The UK ICO has issued its response to the Government's proposals to introduce changes to the FOIA in reducing the number of FOI requests. The ICO is of the view that existing rules would enable the government to achieve its objectives without having to introduce further changes. The main points are:
a more robust application of section 14 (exclusion of vexatious requests) would, to a very significant extent, address the mischief at which the new cost proposals purport to be directed;
• there are grave doubts about the extent to which the aggregation of non-similar requests would be workable in practice, particularly if determined applicants took steps to circumvent the new provisions;
• the proposed concepts of reading, consultation and consideration time, will present very real difficulties for challenge and adjudication;
• the proposals will introduce new layers of procedural and bureaucratic complexity. There is likely - as feared by Frontier Economics - to be “a substantial increase in
requests for internal review and appeals to the ICO, with a substantial increase in costs”.

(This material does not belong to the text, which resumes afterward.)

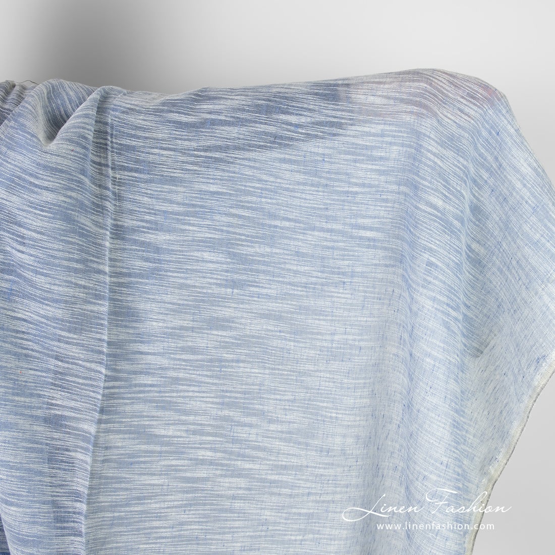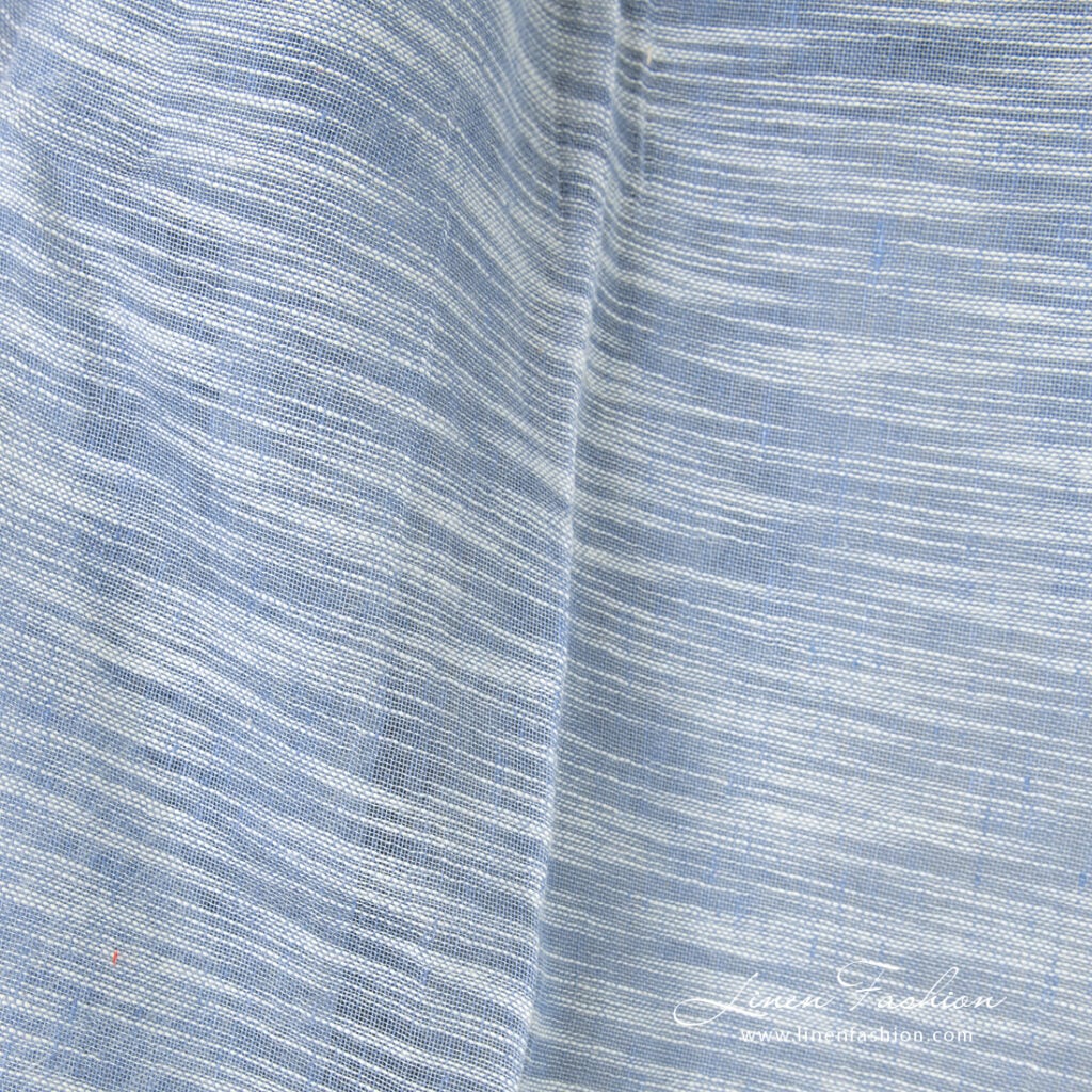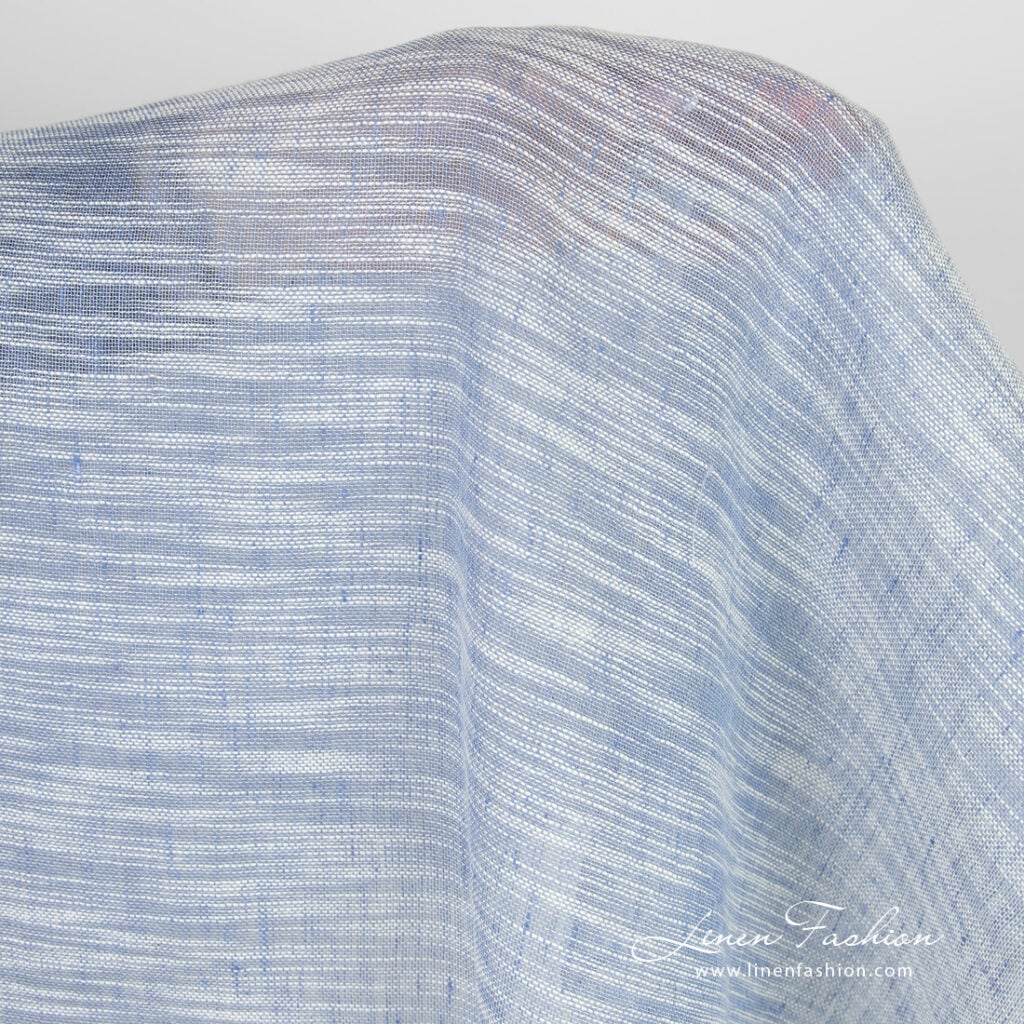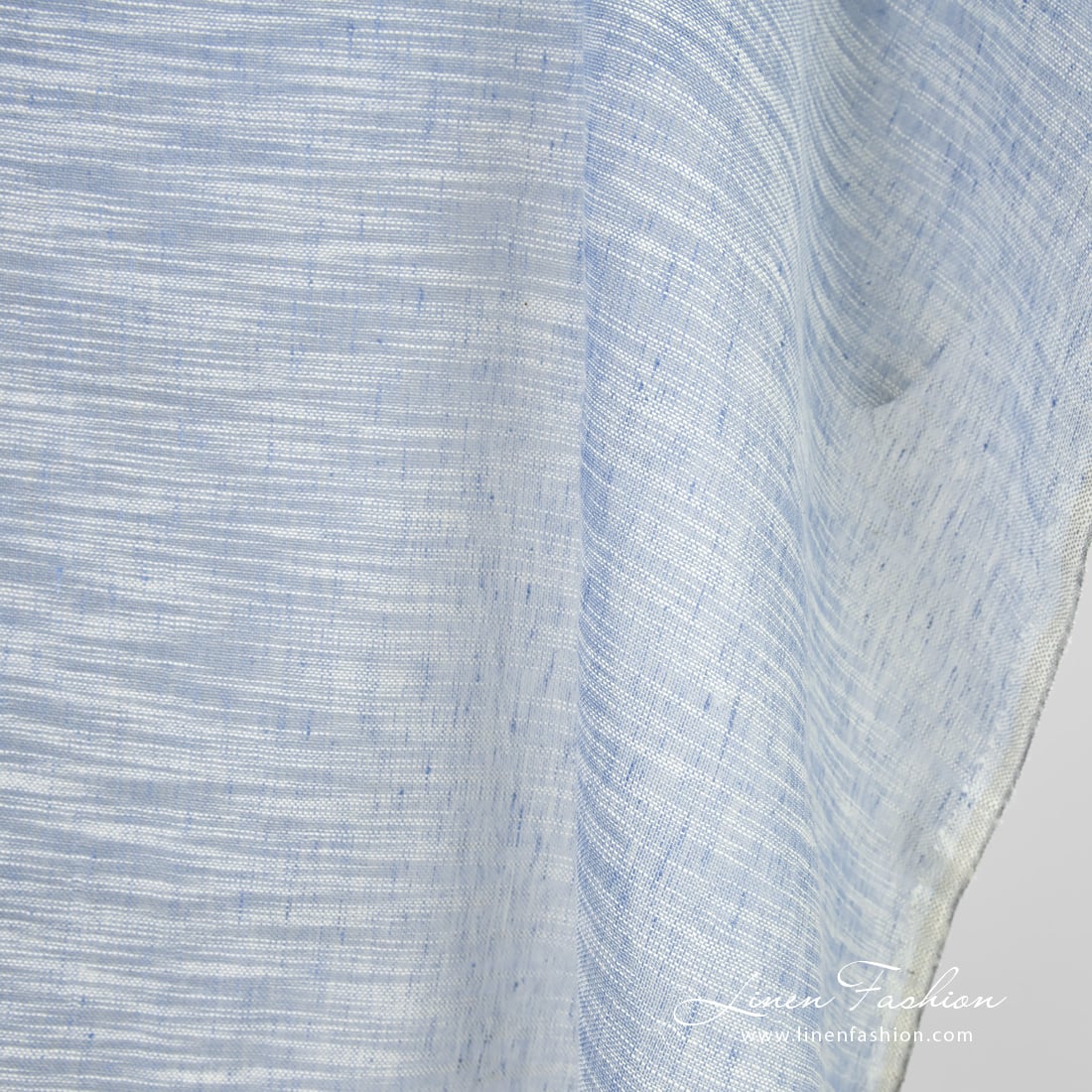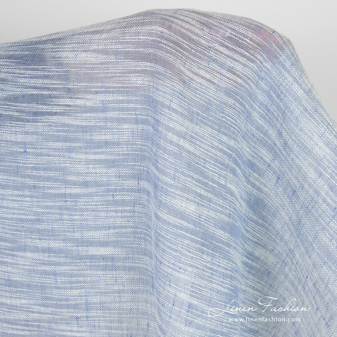 Modrá ľanovo-bavlnená tkanina s bielymi pruhmi

• there will certainly be a surge of difficult procedural complaints to ICO which can be predicted to start no less than two months after the new Regulations have been implemented. Unless further resources are made available, regrettably, the net effect – at least for the forthcoming year - has to be the prospect of more time taken to resolve difficult cases, an increase rather than a reduction in the backlog of complaints and the diversion of resources onto complaints about costs rather than substantive issues of disclosure of official information in the public interest....
5. The ICO believes that a more robust application of section 14, in line with the published guidance and decision notices, would, to a very significant extent, address the mischief at which the new cost proposals purport to be directed.